Wednesday, August 24, 2011

Atmosphere



Arguably the most suitable contender for the most epiphanic and transcendent post-punk composition of all time, Joy Division’s 1980 classic ‘Atmosphere’ remains one of the most beloved and enduring numbers in a woefully truncated but highly essential repertoire, which also includes defining standards like ‘Transmission’, ‘She’s Lost Control’ and the evergreen ‘Love Will Tear Us Apart’. The powerfully low-key ‘Atmosphere’ practically typifies the music critic-favourite expression “Ebony-tiled sonic cathedral”, with its rumbling, ominous, almost tribal-like percussion undertow, its starkly minimal yet effectively sepulchral bass drone, and its darkly shimmering washes of synth chords. But perhaps the most impressive and important component of this indisputable masterpiece was the late, lamented Ian Curtis’s spectrally calm and controlled tenor, which made for an eerie auditory foreshadowing of his suicide a few months later.
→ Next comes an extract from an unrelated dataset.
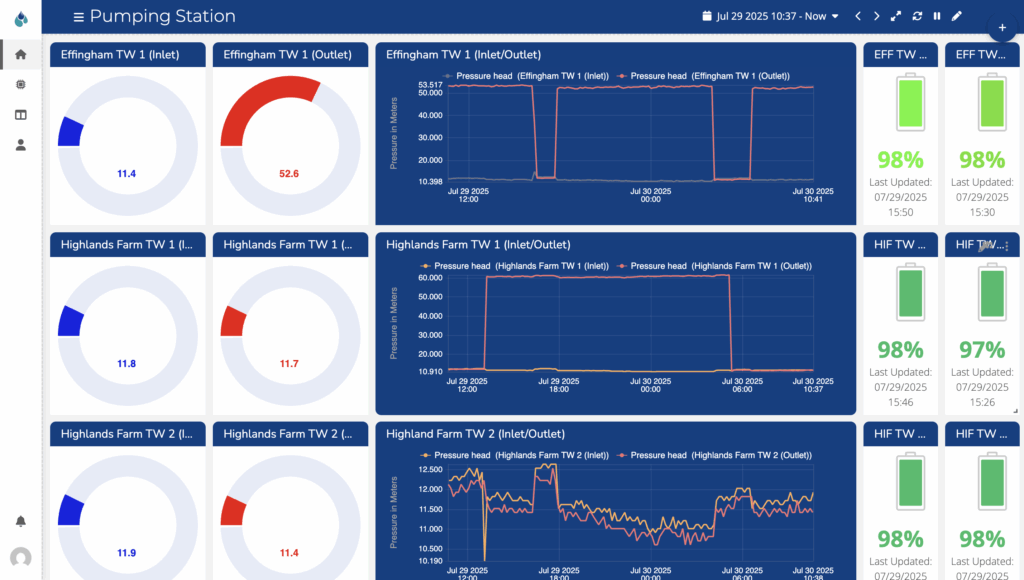 Hubit delivered a full SmartFlow solution for SES Water, integrating pressure and pump monitoring across their network. Using custom sensors and LoRaWAN connectivity, the system provides real-time alerts, operational insights, and leak detection analytics.
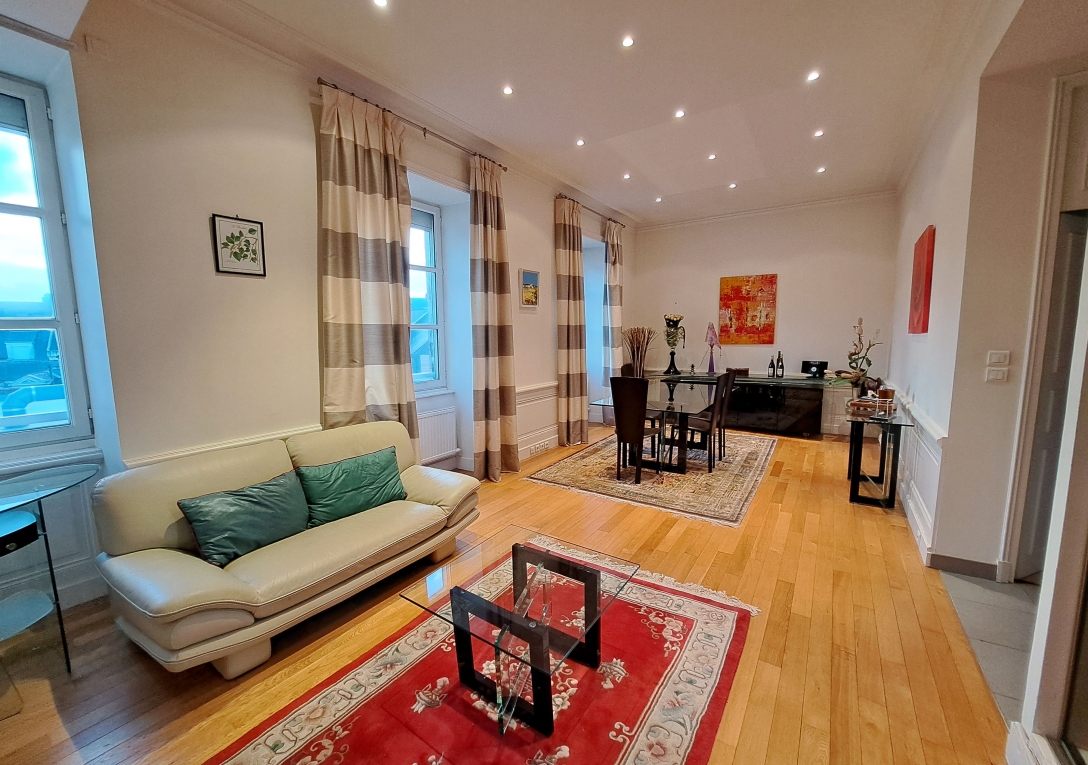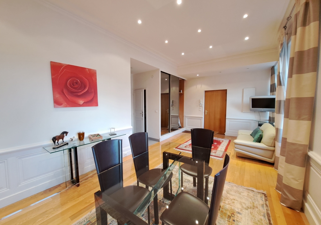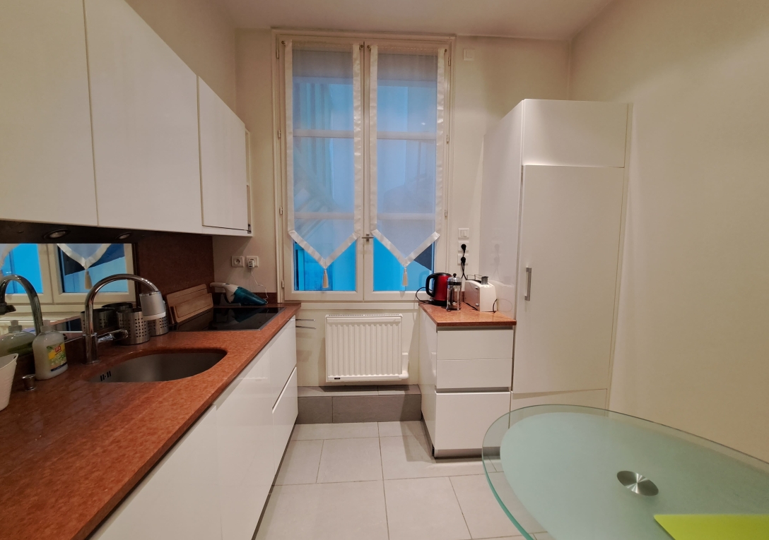 DOBRE / Proche de la place Graslin, appartement T3 meublé, au 3ème étage, donnant sur cour, offrant une pièce de vie sur parquet, une cuisine aménagée et équipée, 2 chambres avec rangements, salle d'eau avec double vasques et douche à l'italienne, WC séparé.

Thoroughly epic in scale, and unrelentingly powerful in execution, this awesome threnody gets a wholly appropriate video-clip treatment upon its 1988 re-release, in the form of an elegantly shot black-and-white short film by master stylist Anton Corbijn that featured midgets in sinister mourning shrouds wandering around a remote desert shore, interspersed with stills of the long-departed Curtis.